Task instructions:
All lines of the data shown below should be output exactly as they stand.

Data listing:
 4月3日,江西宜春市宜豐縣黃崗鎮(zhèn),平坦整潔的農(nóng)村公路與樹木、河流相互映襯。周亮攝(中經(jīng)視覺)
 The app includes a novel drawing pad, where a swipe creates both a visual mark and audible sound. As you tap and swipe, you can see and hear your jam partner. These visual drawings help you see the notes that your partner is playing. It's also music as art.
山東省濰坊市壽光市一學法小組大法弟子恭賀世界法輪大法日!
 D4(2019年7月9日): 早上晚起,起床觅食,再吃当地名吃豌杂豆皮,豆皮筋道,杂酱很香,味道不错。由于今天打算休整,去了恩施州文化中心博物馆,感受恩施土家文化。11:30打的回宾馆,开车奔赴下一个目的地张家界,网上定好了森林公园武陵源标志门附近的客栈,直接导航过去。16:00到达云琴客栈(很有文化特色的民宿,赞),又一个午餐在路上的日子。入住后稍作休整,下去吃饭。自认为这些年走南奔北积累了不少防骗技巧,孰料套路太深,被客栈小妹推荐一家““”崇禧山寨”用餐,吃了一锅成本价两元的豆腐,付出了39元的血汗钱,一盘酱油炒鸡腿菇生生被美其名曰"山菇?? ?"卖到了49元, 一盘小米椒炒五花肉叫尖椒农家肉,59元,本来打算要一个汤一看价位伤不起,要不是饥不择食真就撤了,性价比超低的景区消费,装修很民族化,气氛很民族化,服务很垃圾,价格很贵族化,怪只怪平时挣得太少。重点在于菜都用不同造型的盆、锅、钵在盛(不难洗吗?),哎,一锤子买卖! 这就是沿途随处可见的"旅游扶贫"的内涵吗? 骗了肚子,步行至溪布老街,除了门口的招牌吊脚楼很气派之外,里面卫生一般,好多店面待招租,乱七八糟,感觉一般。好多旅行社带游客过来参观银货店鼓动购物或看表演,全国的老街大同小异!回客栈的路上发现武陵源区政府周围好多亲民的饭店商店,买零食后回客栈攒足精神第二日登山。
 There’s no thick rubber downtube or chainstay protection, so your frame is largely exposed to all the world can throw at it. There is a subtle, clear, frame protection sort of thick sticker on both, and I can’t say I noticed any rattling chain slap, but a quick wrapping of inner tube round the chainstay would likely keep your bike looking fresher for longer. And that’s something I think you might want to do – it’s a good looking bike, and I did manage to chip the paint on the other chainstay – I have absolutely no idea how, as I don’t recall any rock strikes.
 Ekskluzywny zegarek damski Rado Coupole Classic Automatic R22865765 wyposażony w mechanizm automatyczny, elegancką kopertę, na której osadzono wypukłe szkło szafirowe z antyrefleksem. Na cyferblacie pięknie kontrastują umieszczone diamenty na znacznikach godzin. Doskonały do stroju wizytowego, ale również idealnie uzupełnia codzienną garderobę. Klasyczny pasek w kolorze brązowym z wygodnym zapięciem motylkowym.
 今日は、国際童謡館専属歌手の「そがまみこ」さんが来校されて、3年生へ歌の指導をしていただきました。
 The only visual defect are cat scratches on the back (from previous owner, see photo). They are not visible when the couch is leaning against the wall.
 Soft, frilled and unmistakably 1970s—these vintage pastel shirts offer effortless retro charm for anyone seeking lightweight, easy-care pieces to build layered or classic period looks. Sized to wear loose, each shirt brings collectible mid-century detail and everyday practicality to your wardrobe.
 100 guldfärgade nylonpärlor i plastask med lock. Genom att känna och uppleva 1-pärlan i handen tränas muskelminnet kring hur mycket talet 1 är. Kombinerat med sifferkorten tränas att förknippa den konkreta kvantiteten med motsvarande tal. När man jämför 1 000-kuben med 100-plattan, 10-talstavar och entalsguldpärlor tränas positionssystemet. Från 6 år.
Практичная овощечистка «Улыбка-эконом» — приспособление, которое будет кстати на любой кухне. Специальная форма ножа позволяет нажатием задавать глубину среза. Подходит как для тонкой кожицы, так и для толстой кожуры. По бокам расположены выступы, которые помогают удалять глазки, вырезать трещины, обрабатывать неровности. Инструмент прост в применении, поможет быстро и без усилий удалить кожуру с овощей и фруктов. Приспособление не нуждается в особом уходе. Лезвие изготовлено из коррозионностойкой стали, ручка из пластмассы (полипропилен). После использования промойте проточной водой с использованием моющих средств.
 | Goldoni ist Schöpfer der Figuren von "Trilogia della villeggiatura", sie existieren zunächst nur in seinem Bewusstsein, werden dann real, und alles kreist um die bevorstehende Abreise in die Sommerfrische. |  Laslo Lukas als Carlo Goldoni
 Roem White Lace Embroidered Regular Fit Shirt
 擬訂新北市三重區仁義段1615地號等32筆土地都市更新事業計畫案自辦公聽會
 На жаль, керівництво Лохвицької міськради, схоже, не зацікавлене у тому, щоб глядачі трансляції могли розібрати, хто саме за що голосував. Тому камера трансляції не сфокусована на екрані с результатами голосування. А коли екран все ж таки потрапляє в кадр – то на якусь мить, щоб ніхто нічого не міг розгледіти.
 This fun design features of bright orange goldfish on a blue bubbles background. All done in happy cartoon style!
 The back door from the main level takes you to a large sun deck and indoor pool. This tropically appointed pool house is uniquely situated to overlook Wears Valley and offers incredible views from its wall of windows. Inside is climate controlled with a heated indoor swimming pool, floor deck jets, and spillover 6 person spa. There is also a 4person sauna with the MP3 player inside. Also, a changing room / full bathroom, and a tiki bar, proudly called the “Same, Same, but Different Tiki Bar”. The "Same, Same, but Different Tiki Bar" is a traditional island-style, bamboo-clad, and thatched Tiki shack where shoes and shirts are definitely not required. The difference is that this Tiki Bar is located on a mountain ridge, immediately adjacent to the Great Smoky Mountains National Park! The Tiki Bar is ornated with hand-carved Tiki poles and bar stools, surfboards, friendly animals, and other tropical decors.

Worked solution:
 4月3日,江西宜春市宜豐縣黃崗鎮(zhèn),平坦整潔的農(nóng)村公路與樹木、河流相互映襯。周亮攝(中經(jīng)視覺)
 The app includes a novel drawing pad, where a swipe creates both a visual mark and audible sound. As you tap and swipe, you can see and hear your jam partner. These visual drawings help you see the notes that your partner is playing. It's also music as art.
山東省濰坊市壽光市一學法小組大法弟子恭賀世界法輪大法日!
 D4(2019年7月9日): 早上晚起,起床觅食,再吃当地名吃豌杂豆皮,豆皮筋道,杂酱很香,味道不错。由于今天打算休整,去了恩施州文化中心博物馆,感受恩施土家文化。11:30打的回宾馆,开车奔赴下一个目的地张家界,网上定好了森林公园武陵源标志门附近的客栈,直接导航过去。16:00到达云琴客栈(很有文化特色的民宿,赞),又一个午餐在路上的日子。入住后稍作休整,下去吃饭。自认为这些年走南奔北积累了不少防骗技巧,孰料套路太深,被客栈小妹推荐一家““”崇禧山寨”用餐,吃了一锅成本价两元的豆腐,付出了39元的血汗钱,一盘酱油炒鸡腿菇生生被美其名曰"山菇?? ?"卖到了49元, 一盘小米椒炒五花肉叫尖椒农家肉,59元,本来打算要一个汤一看价位伤不起,要不是饥不择食真就撤了,性价比超低的景区消费,装修很民族化,气氛很民族化,服务很垃圾,价格很贵族化,怪只怪平时挣得太少。重点在于菜都用不同造型的盆、锅、钵在盛(不难洗吗?),哎,一锤子买卖! 这就是沿途随处可见的"旅游扶贫"的内涵吗? 骗了肚子,步行至溪布老街,除了门口的招牌吊脚楼很气派之外,里面卫生一般,好多店面待招租,乱七八糟,感觉一般。好多旅行社带游客过来参观银货店鼓动购物或看表演,全国的老街大同小异!回客栈的路上发现武陵源区政府周围好多亲民的饭店商店,买零食后回客栈攒足精神第二日登山。
 There’s no thick rubber downtube or chainstay protection, so your frame is largely exposed to all the world can throw at it. There is a subtle, clear, frame protection sort of thick sticker on both, and I can’t say I noticed any rattling chain slap, but a quick wrapping of inner tube round the chainstay would likely keep your bike looking fresher for longer. And that’s something I think you might want to do – it’s a good looking bike, and I did manage to chip the paint on the other chainstay – I have absolutely no idea how, as I don’t recall any rock strikes.
 Ekskluzywny zegarek damski Rado Coupole Classic Automatic R22865765 wyposażony w mechanizm automatyczny, elegancką kopertę, na której osadzono wypukłe szkło szafirowe z antyrefleksem. Na cyferblacie pięknie kontrastują umieszczone diamenty na znacznikach godzin. Doskonały do stroju wizytowego, ale również idealnie uzupełnia codzienną garderobę. Klasyczny pasek w kolorze brązowym z wygodnym zapięciem motylkowym.
 今日は、国際童謡館専属歌手の「そがまみこ」さんが来校されて、3年生へ歌の指導をしていただきました。
 The only visual defect are cat scratches on the back (from previous owner, see photo). They are not visible when the couch is leaning against the wall.
 Soft, frilled and unmistakably 1970s—these vintage pastel shirts offer effortless retro charm for anyone seeking lightweight, easy-care pieces to build layered or classic period looks. Sized to wear loose, each shirt brings collectible mid-century detail and everyday practicality to your wardrobe.
 100 guldfärgade nylonpärlor i plastask med lock. Genom att känna och uppleva 1-pärlan i handen tränas muskelminnet kring hur mycket talet 1 är. Kombinerat med sifferkorten tränas att förknippa den konkreta kvantiteten med motsvarande tal. När man jämför 1 000-kuben med 100-plattan, 10-talstavar och entalsguldpärlor tränas positionssystemet. Från 6 år.
Практичная овощечистка «Улыбка-эконом» — приспособление, которое будет кстати на любой кухне. Специальная форма ножа позволяет нажатием задавать глубину среза. Подходит как для тонкой кожицы, так и для толстой кожуры. По бокам расположены выступы, которые помогают удалять глазки, вырезать трещины, обрабатывать неровности. Инструмент прост в применении, поможет быстро и без усилий удалить кожуру с овощей и фруктов. Приспособление не нуждается в особом уходе. Лезвие изготовлено из коррозионностойкой стали, ручка из пластмассы (полипропилен). После использования промойте проточной водой с использованием моющих средств.
 | Goldoni ist Schöpfer der Figuren von "Trilogia della villeggiatura", sie existieren zunächst nur in seinem Bewusstsein, werden dann real, und alles kreist um die bevorstehende Abreise in die Sommerfrische. |  Laslo Lukas als Carlo Goldoni
 Roem White Lace Embroidered Regular Fit Shirt
 擬訂新北市三重區仁義段1615地號等32筆土地都市更新事業計畫案自辦公聽會
 На жаль, керівництво Лохвицької міськради, схоже, не зацікавлене у тому, щоб глядачі трансляції могли розібрати, хто саме за що голосував. Тому камера трансляції не сфокусована на екрані с результатами голосування. А коли екран все ж таки потрапляє в кадр – то на якусь мить, щоб ніхто нічого не міг розгледіти.
 This fun design features of bright orange goldfish on a blue bubbles background. All done in happy cartoon style!
 The back door from the main level takes you to a large sun deck and indoor pool. This tropically appointed pool house is uniquely situated to overlook Wears Valley and offers incredible views from its wall of windows. Inside is climate controlled with a heated indoor swimming pool, floor deck jets, and spillover 6 person spa. There is also a 4person sauna with the MP3 player inside. Also, a changing room / full bathroom, and a tiki bar, proudly called the “Same, Same, but Different Tiki Bar”. The "Same, Same, but Different Tiki Bar" is a traditional island-style, bamboo-clad, and thatched Tiki shack where shoes and shirts are definitely not required. The difference is that this Tiki Bar is located on a mountain ridge, immediately adjacent to the Great Smoky Mountains National Park! The Tiki Bar is ornated with hand-carved Tiki poles and bar stools, surfboards, friendly animals, and other tropical decors.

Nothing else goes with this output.